Exercise prompt: Output what the records say, word for word, with no images.
---------- Working data
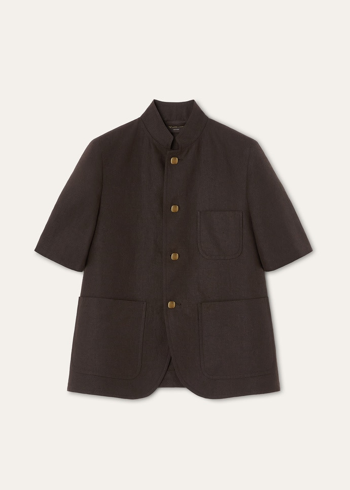 The iconic Spagna jacket, first introduced in 1998, is reworked with a more fitted silhouette for a female line. Inspired by a Spanish officer’s uniform, it is characterized by its standing collar, buttonless cuffs and double patch pockets. Its Tropical Linen cloth is produced by the masters at Solbiati, part of the Maison since 2013. The result is an incredibly refined take on a signature Loro Piana shape. Product details Standing collar with leather piping Patch pockets at the front, two inner pockets, one with a zip fastening and one with a button Four-buttoned cuffs Front fastening buttons Inner Loro Piana tag to write your name Semi-lined Regular fit Single vent Composition: 100% Linen Made in Italy Product code: FAP7643
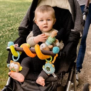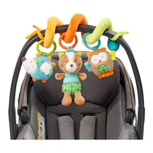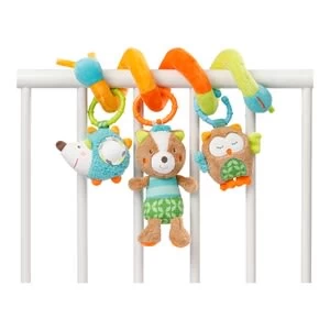 Farbenfroh, kuschelweich und mit großem Unterhaltungswert bringt die Activity-Spirale aus der Kollektion Sleeping Forest von Fehn Babyaugen zum Leuchten. ab Geburt geeignet Größe: 30 cm vielseitiger Einsatz am Kinderwagen, Babyschale oder Gitterbett Der niedliche Igel mit Rassel, der entzückende Fuchs mit Dingdong und die bezaubernde Eule mit Quietsche laden zum Greifen, Spielen und Entdecken ein und fördern erste Hand-Auge-Koordination. Mit dem kleinen Spiegel am Igel können Babys spielerisch sich selbst entdecken. Der schöne Mix aus Funktion und kindgerechten Formen und Farben sorgt dafür, dass Dein Baby seine Spirale schnell lieb gewinnen wird. Die Spirale kann ganz einfach um Babyschale, Kinderwagen, Laufgitter und Bettchen gewickelt werden und sorgt so für gute Laune und jede Menge Spielspaß zuhause und unterwegs. Die drei lustigen Figuren lassen sich hin- und herschieben und können so variabel den Abständen der Gitterstäbe angepasst werden.
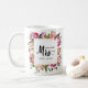 Avant le mariage, montrez votre futur nouveau nom de famille avec ce drôle THE future MRS. Typographie MUG avec un cadre floral de roses et feuilles violets et roses coordonnées à Brilliant Bloom collection mariage et accessoires.
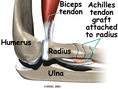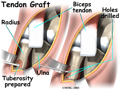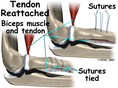The tendon is passed between the radius and ulna, exiting through the second incision that was made on the back of the forearm. The sutures are threaded into the three holes that were drilled into the rim of the radial tuberosity. The surgeon ties the sutures, securing the . When the surgeon is satisfied with the repair, the skin incisions are closed, and the elbow is placed either in a cast or a range-of-motion brace.
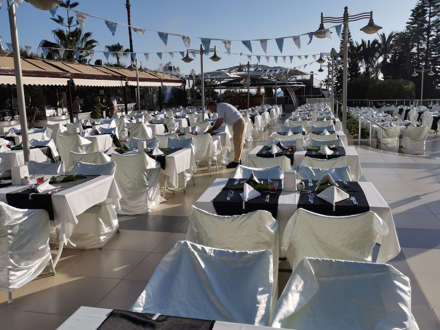 Restaurant-Terrace wird für Gala-Abend vorbereitet.
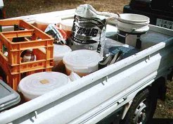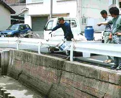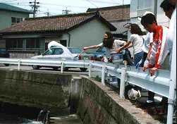 | 正直こんな広い川に挑戦するとは自分でもアホかなと感じた。 尾崎さんのトラックの荷台です。 | ブラジル娘がEM浄化を見学・体験 | |
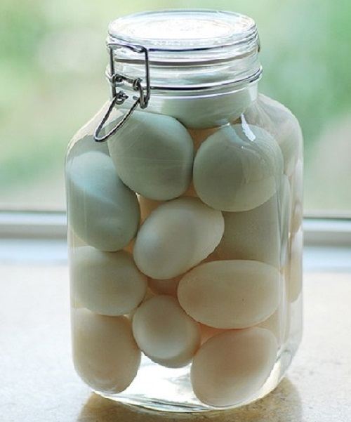 Nên ngâm trứng trong lọ thủy tinh để an toàn và bảo đảm sức khỏe.
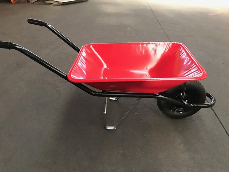 Carretilla de obra de 70 litros ideal para jardinería, construcción y tareas de transporte en el hogar. Fabricada con estructura metálica resistente y cesta de plástico rojo brillante, cuenta con rueda de goma para mayor durabilidad y manillar ergonómico. Perfecta para trasladar tierra, cemento, herramientas o materiales de jardín con facilidad y c
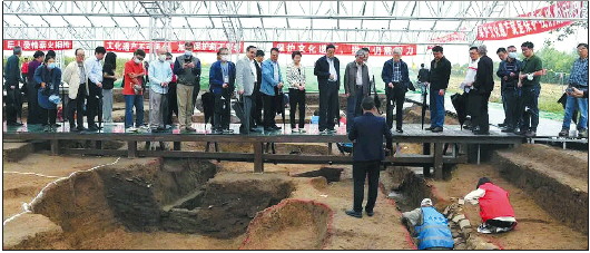 王志民等一行专家在稷下学宫遗址现场考察。
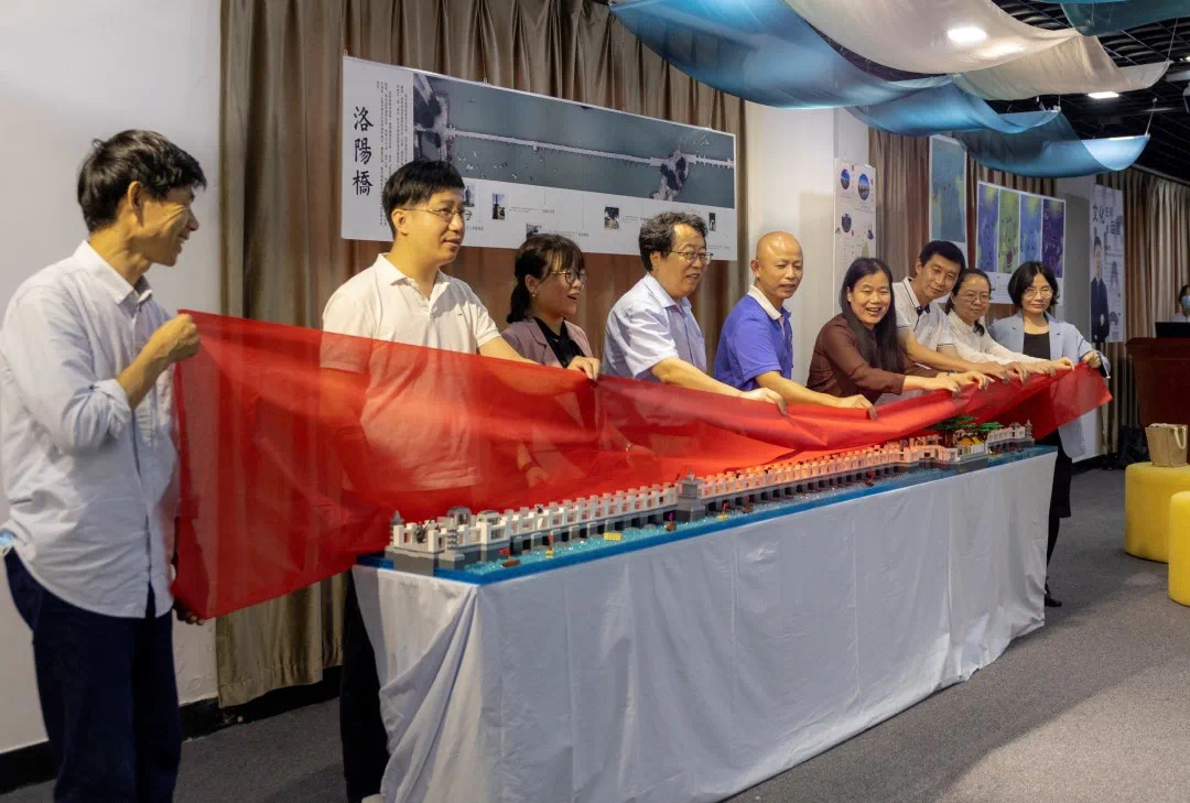 本次启动仪式共有四项议程。首先由yl7703永利集团常务副校长魏杨青教授开场致辞,魏杨青教授表示,本次活动的成功举办既是yl7703永利集团教学改革的重大成果,也是相关设展团队创新精神的重要体现。紧接着,由出席本次活动的领导和嘉宾共同为yl7703永利集团首届世遗文化宣传周系列活动揭幕,幕布下是由积木搭建而成、1:200等比创造的洛阳桥模型。
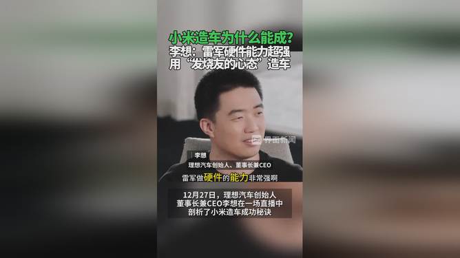 李想談及對(duì)雷軍的評(píng)價(jià)時(shí)表示,雷軍的硬件實(shí)力非凡。他強(qiáng)調(diào)雷軍的團(tuán)隊(duì)在技術(shù)研發(fā)、生產(chǎn)制造以及供應(yīng)鏈管理等方面擁有卓越的能力和深厚的經(jīng)驗(yàn)。雷軍的公司在硬件領(lǐng)域擁有強(qiáng)大的競(jìng)爭(zhēng)力,不斷推出高品質(zhì)、高性能的產(chǎn)品,贏得了消費(fèi)者的信任和喜愛。李想認(rèn)為,雷軍的硬件實(shí)力是其成功的關(guān)鍵之一,也是他一直在行業(yè)內(nèi)備受推崇的原因之一。
--------------------
Answer below:
 The iconic Spagna jacket, first introduced in 1998, is reworked with a more fitted silhouette for a female line. Inspired by a Spanish officer’s uniform, it is characterized by its standing collar, buttonless cuffs and double patch pockets. Its Tropical Linen cloth is produced by the masters at Solbiati, part of the Maison since 2013. The result is an incredibly refined take on a signature Loro Piana shape. Product details Standing collar with leather piping Patch pockets at the front, two inner pockets, one with a zip fastening and one with a button Four-buttoned cuffs Front fastening buttons Inner Loro Piana tag to write your name Semi-lined Regular fit Single vent Composition: 100% Linen Made in Italy Product code: FAP7643
 Farbenfroh, kuschelweich und mit großem Unterhaltungswert bringt die Activity-Spirale aus der Kollektion Sleeping Forest von Fehn Babyaugen zum Leuchten. ab Geburt geeignet Größe: 30 cm vielseitiger Einsatz am Kinderwagen, Babyschale oder Gitterbett Der niedliche Igel mit Rassel, der entzückende Fuchs mit Dingdong und die bezaubernde Eule mit Quietsche laden zum Greifen, Spielen und Entdecken ein und fördern erste Hand-Auge-Koordination. Mit dem kleinen Spiegel am Igel können Babys spielerisch sich selbst entdecken. Der schöne Mix aus Funktion und kindgerechten Formen und Farben sorgt dafür, dass Dein Baby seine Spirale schnell lieb gewinnen wird. Die Spirale kann ganz einfach um Babyschale, Kinderwagen, Laufgitter und Bettchen gewickelt werden und sorgt so für gute Laune und jede Menge Spielspaß zuhause und unterwegs. Die drei lustigen Figuren lassen sich hin- und herschieben und können so variabel den Abständen der Gitterstäbe angepasst werden.
 Avant le mariage, montrez votre futur nouveau nom de famille avec ce drôle THE future MRS. Typographie MUG avec un cadre floral de roses et feuilles violets et roses coordonnées à Brilliant Bloom collection mariage et accessoires.
The tendon is passed between the radius and ulna, exiting through the second incision that was made on the back of the forearm. The sutures are threaded into the three holes that were drilled into the rim of the radial tuberosity. The surgeon ties the sutures, securing the . When the surgeon is satisfied with the repair, the skin incisions are closed, and the elbow is placed either in a cast or a range-of-motion brace.
 Restaurant-Terrace wird für Gala-Abend vorbereitet.
 | 正直こんな広い川に挑戦するとは自分でもアホかなと感じた。 尾崎さんのトラックの荷台です。 | ブラジル娘がEM浄化を見学・体験 | |
 Nên ngâm trứng trong lọ thủy tinh để an toàn và bảo đảm sức khỏe.
 Carretilla de obra de 70 litros ideal para jardinería, construcción y tareas de transporte en el hogar. Fabricada con estructura metálica resistente y cesta de plástico rojo brillante, cuenta con rueda de goma para mayor durabilidad y manillar ergonómico. Perfecta para trasladar tierra, cemento, herramientas o materiales de jardín con facilidad y c
 王志民等一行专家在稷下学宫遗址现场考察。
 本次启动仪式共有四项议程。首先由yl7703永利集团常务副校长魏杨青教授开场致辞,魏杨青教授表示,本次活动的成功举办既是yl7703永利集团教学改革的重大成果,也是相关设展团队创新精神的重要体现。紧接着,由出席本次活动的领导和嘉宾共同为yl7703永利集团首届世遗文化宣传周系列活动揭幕,幕布下是由积木搭建而成、1:200等比创造的洛阳桥模型。
 李想談及對(duì)雷軍的評(píng)價(jià)時(shí)表示,雷軍的硬件實(shí)力非凡。他強(qiáng)調(diào)雷軍的團(tuán)隊(duì)在技術(shù)研發(fā)、生產(chǎn)制造以及供應(yīng)鏈管理等方面擁有卓越的能力和深厚的經(jīng)驗(yàn)。雷軍的公司在硬件領(lǐng)域擁有強(qiáng)大的競(jìng)爭(zhēng)力,不斷推出高品質(zhì)、高性能的產(chǎn)品,贏得了消費(fèi)者的信任和喜愛。李想認(rèn)為,雷軍的硬件實(shí)力是其成功的關(guān)鍵之一,也是他一直在行業(yè)內(nèi)備受推崇的原因之一。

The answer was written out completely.